Adding annotations to charts helps highlight key insights and guide interpretation of data. You can create annotations manually or using AI assistance.

Add annotations that call out key values and timesteps

To highlight notable findings, you can manually add annotations that label plotted values at key timesteps on loss, interventions over time, variables over time, and comparison charts.

  1. Click anywhere on the chart to add a callout.
  2. To add more callouts without clearing the first one, hold down Shift and click a new area of the chart.
Prompt an AI assistant to add chart annotations

You can prompt an AI assistant to automatically create annotations on the variables over time and comparison charts. Annotations are labelled or unlabelled lines that mark specific timestamps or peak values. Examples of AI-assisted annotations are listed below.

  • Describe the annotations you want to add and press Enter.

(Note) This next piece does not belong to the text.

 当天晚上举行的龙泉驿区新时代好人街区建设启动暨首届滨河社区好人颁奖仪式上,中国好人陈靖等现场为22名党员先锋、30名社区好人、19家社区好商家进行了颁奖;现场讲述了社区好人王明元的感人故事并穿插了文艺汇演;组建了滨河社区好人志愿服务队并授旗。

    Draw a vertical line at day 100
    
    Draw a line at the peak S after calibration
    
    Draw a horizontal line at the peak of default configuration Susceptible after calibration. Label it as "important"
    
    Draw a vertical line at x is 10. Don't add the label
    
    Draw a line at x = 40 only after calibration
    

Display options

You can customize the appearance of your charts to enhance readability and organization of the results.

Change the chart scale

By default, charts are shown in linear scale. You can switch to log scale to view large ranges, exponential trends, and improve visibility of small variations.

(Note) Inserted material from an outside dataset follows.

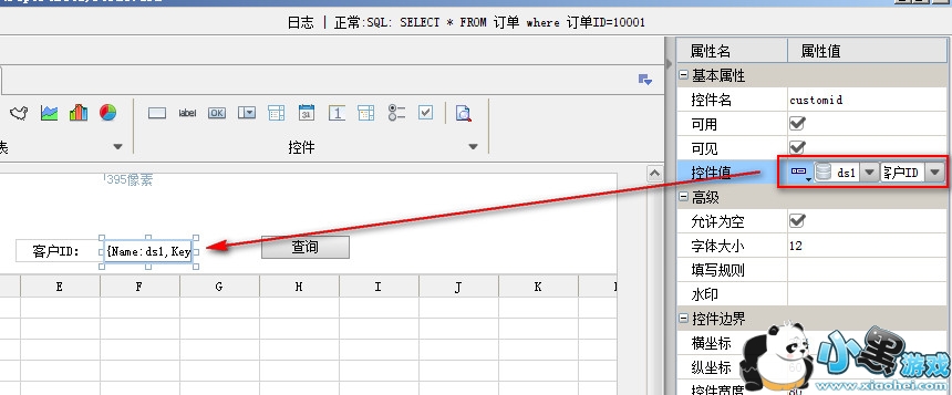 选中文本框控件拖拽到适当位置,文本框控件名为customerid,控件值选择为绑定字段,数据来源于ds1数据集中的客户ID字段,如下图:

  • Select or clear Use log scale.
Hide in node

The variables you choose to plot appear in the results panel and as thumbnails on the Calibrate operator in the workflow. You can hide the thumbnail preview to minimize the space the Calibrate node takes up.

  • Select Hide in node.
Change parameter colors

You can change the color of any variable on the parameter distribution, interventions over time, and variables over time charts to make your charts easier to read.

  • Click the color picker and choose a new color from the palette or use the eye dropper to select a color shown on your screen.

Save charts

You can save Calibrate charts for use outside of Terarium. Download charts as images that you can share or include in reports, or access structured JSON that you can edit with Vega .

Save a chart for use outside Terarium
  • Click Menu and then choose one of the following options:
    • Save as SVG
    • Save as PNG
    • View source (Vega-Lite JSON)
    • View compiled Vega (JSON)
    • Open in Vega Editor

Troubleshooting

It's recommended you run calibrations using the dopri5 Solver method.

Simulate first

Before you calibrate, confirm that your model can be simulated.

Uncertainty and number of samples

If your model has uncertainty in parameter values, only one sample is needed. Change Number of samples to 1 (the default is set to 100).

Simulation length and number of samples

If you plan to simulate your calibrated model for a long time or with a large number of samples (for example, End time or Number of samples > 100), set them to a lower value (10 or 20) first and run a check for errors.

Error messages

PyCIEMSS error messages should offer guidance on how to proceed. Error messages from Pyro or torchdiffeq may be less clear.

If you see a messages referencing Cholesky factorization (including The factorization could not be completed because the input is not positive-definite) or AssertionError with underflow in dt 0.0:

  1. If you were able to simulate the model, check that your model and the dataset are on the same scale. Errors are likely if:
    • The model assumes a population of 10 million, while the dataset has a population of 1,000.
    • The model is normalized to a population of one while the dataset is not.
  2. Make sure your initial conditions are consistent with your dataset. They don't need to be an exact match, but errors are likely if they are too far off.